# Renee Fleming: Favorite DVD recordings



## Sonata (Aug 7, 2010)

So I've casually followed Renee Fleming for a couple of years and own a few of her albums. Lately, after watching her Eugene Onegin, and revisiting my audio recording of Rusalka, I'm currently hooked on Renee.

As much as I loved Onegin, I couldn't on the other hand get into her Rosenkavalier video.No fault of Renee, but Sophie Koch just wasn't working for me. I only watched the first act.

In the future I plan to definitley get Fleming's Rusalka on DVD as well as The Merry Widow. I probably want MORE than that, but those are on my list for sure. I'd love to have some more discussion to load up my Opera Video wishlist  What are your favorite Fleming video performances? Which ones would you avoid?

On a last note, I see she is set to sing Rosenkavalier at the Met again...did she come out of retirement? I thought she was done with opera?


----------



## mountmccabe (May 1, 2013)

This is, more or less, her farewell tour, as she says she'll be done with normal performances of staged opera. Though she's also noted that she may consider a new opera.

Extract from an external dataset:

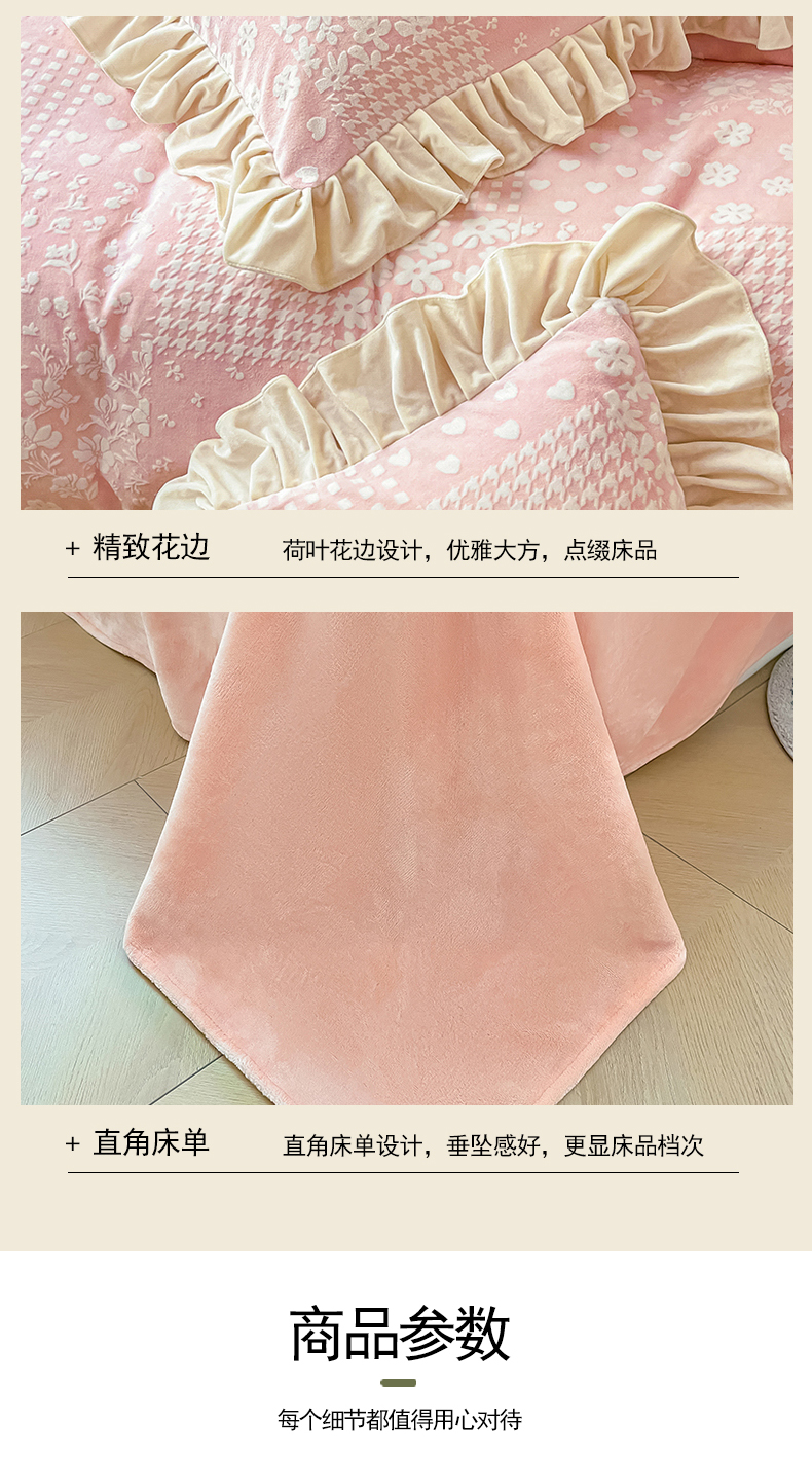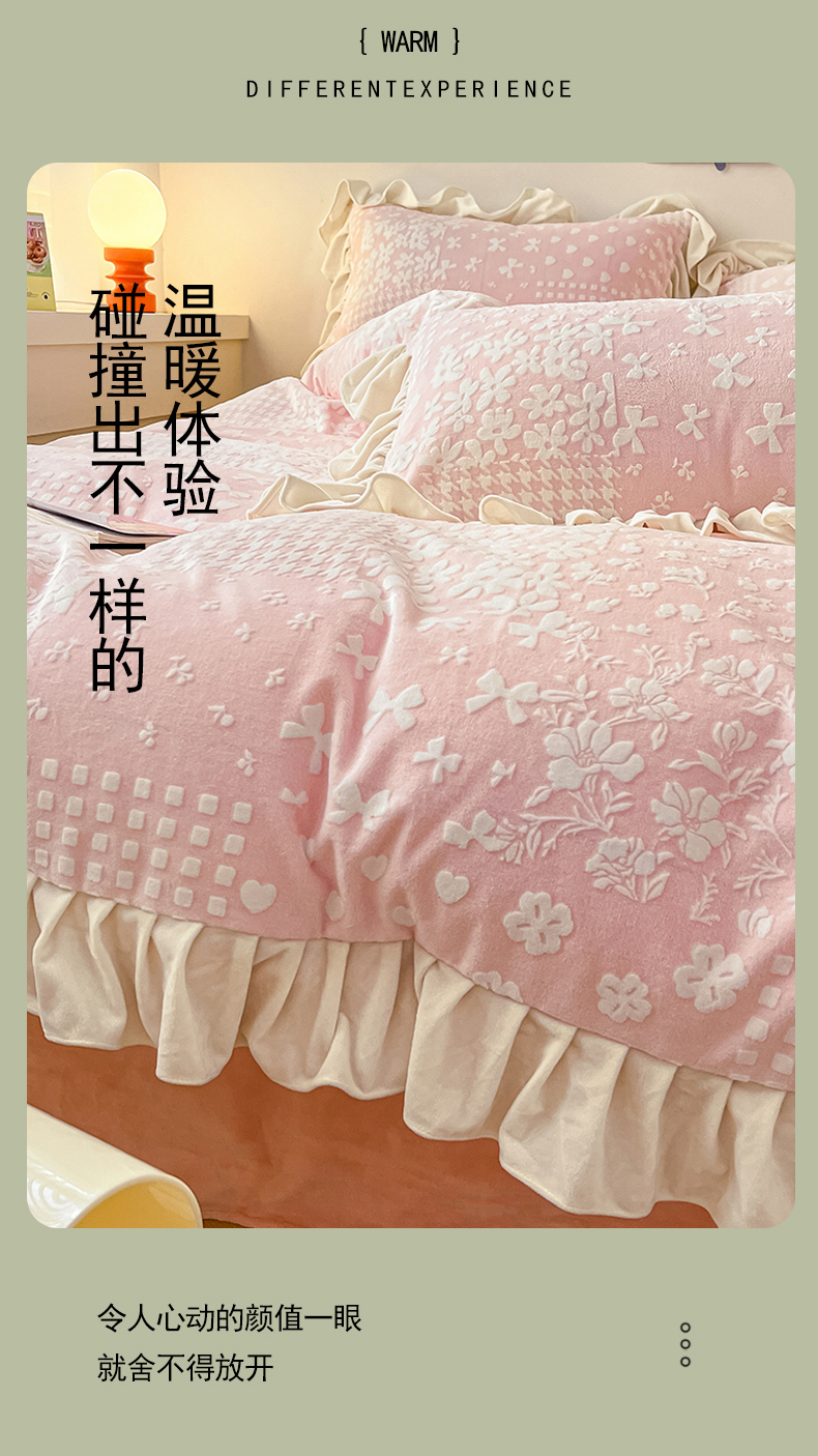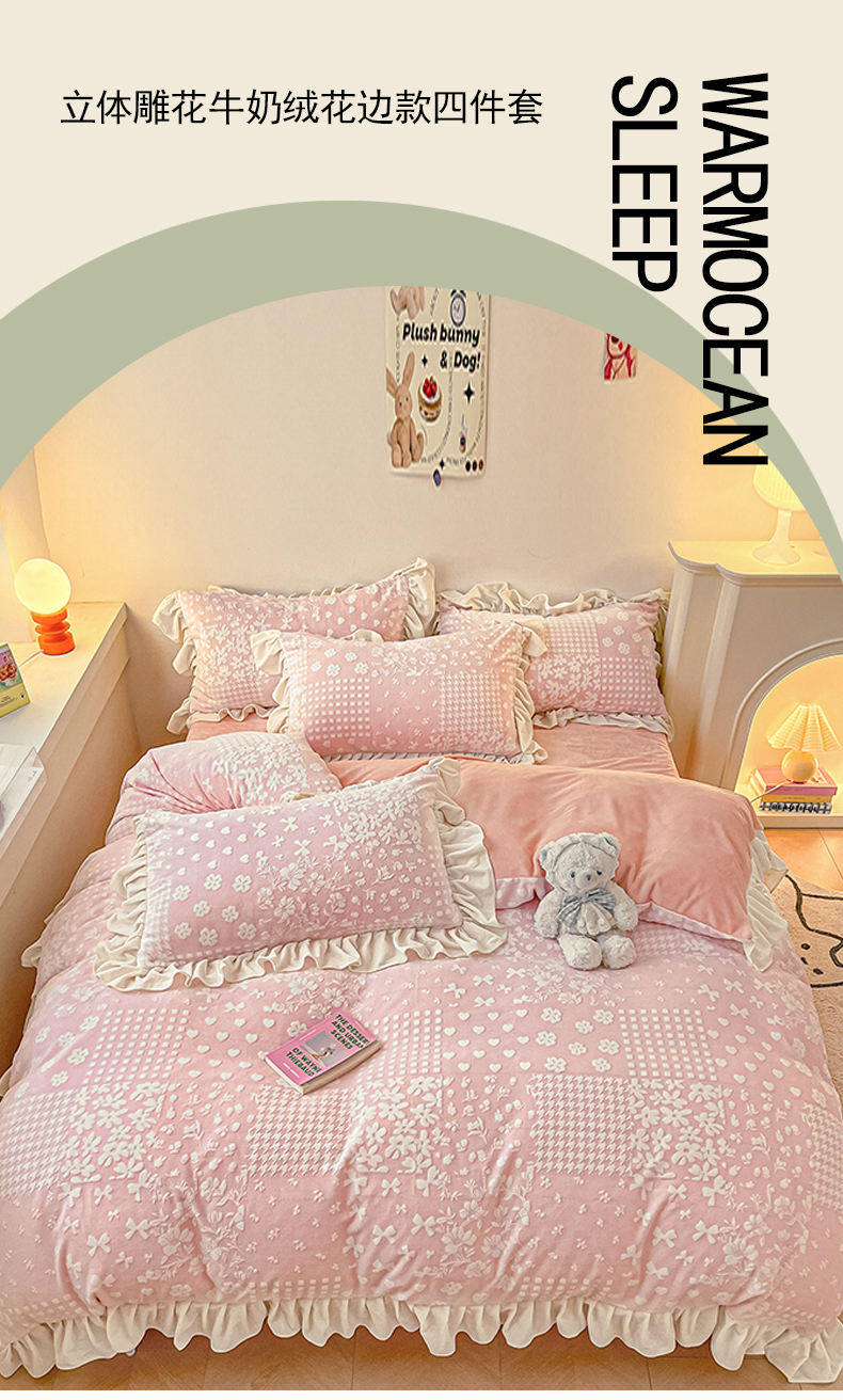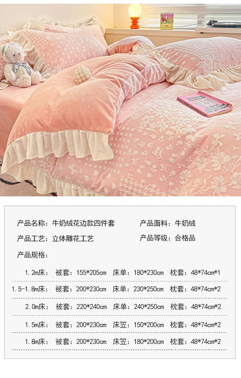 当前位置: 91家纺网 > 商品网购 > 床品套件 > 四件套 > 牛奶绒四件套 > 琪格格纺织2024新款暖绒蓄热全消光雕花绒花边四件套-雕花绒花边 雕花绒花边- 阿芙朵 粉

She announced that she'd be retiring in the next three years in 2014, so she's on target. And she has cut down recently; before the recent _Der Rosenkavalier_ performances her last staged oper(etta) was _The Merry Widow_ at the Met and in Chicago about a year ago.

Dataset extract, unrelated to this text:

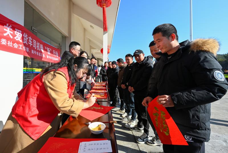 “师傅,给您送福啦!这是我们志愿者自己写的‘福’字和春联,祝您新年快乐,一路平安!”书法爱好者们提笔蘸墨,把对新年的美好愿景融入一张张“福”字和春联中,送给过往司乘人员,贴心的服务让司乘人员感受到了家的温暖。
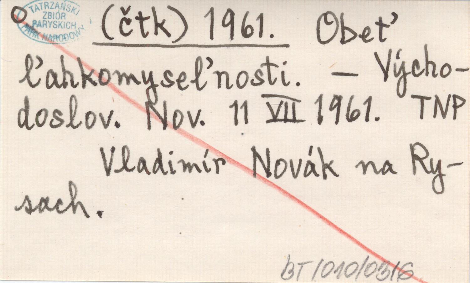 Vęchodoslovenské Noviny, 11 VII 1961. Vladimír Novák na Rysach.

Her page on operabase has having performed in about 16 productions over since October 2012.


----------



## nina foresti (Mar 11, 2014)

Smart lady. And what a very difficult thing to do to know just when to pick up your marbles and go home.
She of the velvet throat will go down in history as one of the most beautiful voices on earth.


----------



## Pugg (Aug 8, 2014)

Thais / Le nozze di Figaro/ Otello (both recordings) Armida/ Rusalka/ Capricio /Arabella. 
No particular order.


----------



## DarkAngel (Aug 11, 2010)

Pugg said:


> Thais / Le nozze di Figaro/ Otello (both recordings) Armida/ Rusalka/ Capricio /Arabella.
> No particular order.


The Thais besides being very good has the best custom designed gold gown perhaps ever, certainly in recent times, what a divine entrance by Thais at the party

I find her LA Opera Traviata with Villazon (before voice issues) one of the very best traditional versions, beautiful luxury production available as blu ray...........


----------



## Scopitone (Nov 22, 2015)

DarkAngel said:


> I find her LA Opera Traviata with Villazon (before voice issues) one of the very best traditional versions, beautiful luxury production available as blu ray...........

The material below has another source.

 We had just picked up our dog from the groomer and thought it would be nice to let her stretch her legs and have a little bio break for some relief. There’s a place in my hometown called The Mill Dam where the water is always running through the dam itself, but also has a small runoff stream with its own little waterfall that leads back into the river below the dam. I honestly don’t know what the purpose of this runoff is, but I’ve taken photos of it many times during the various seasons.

She does Act II with Ramon Vargas on the 2008 Met Opening Night Gala. Don't know if it's on DVD, but it's on Met-on-Demand. (Can we just agree to call that MOD?)

It had me in tears.


----------



## Pugg (Aug 8, 2014)

In addition to DarkAngel.

I must add: I do not agree in the DVD with Villazon, horrible.


----------



## Scopitone (Nov 22, 2015)

How wonderful she looks in that gown!


----------



## Pugg (Aug 8, 2014)

Scopitone said:


> How wonderful she looks in that gown!


That's what's one called Class, capital C.:angel:


----------



## Pugg (Aug 8, 2014)

​
Another very good one!


----------



## Pugg (Aug 8, 2014)

​
Horrible staging but wonderfully sung.


----------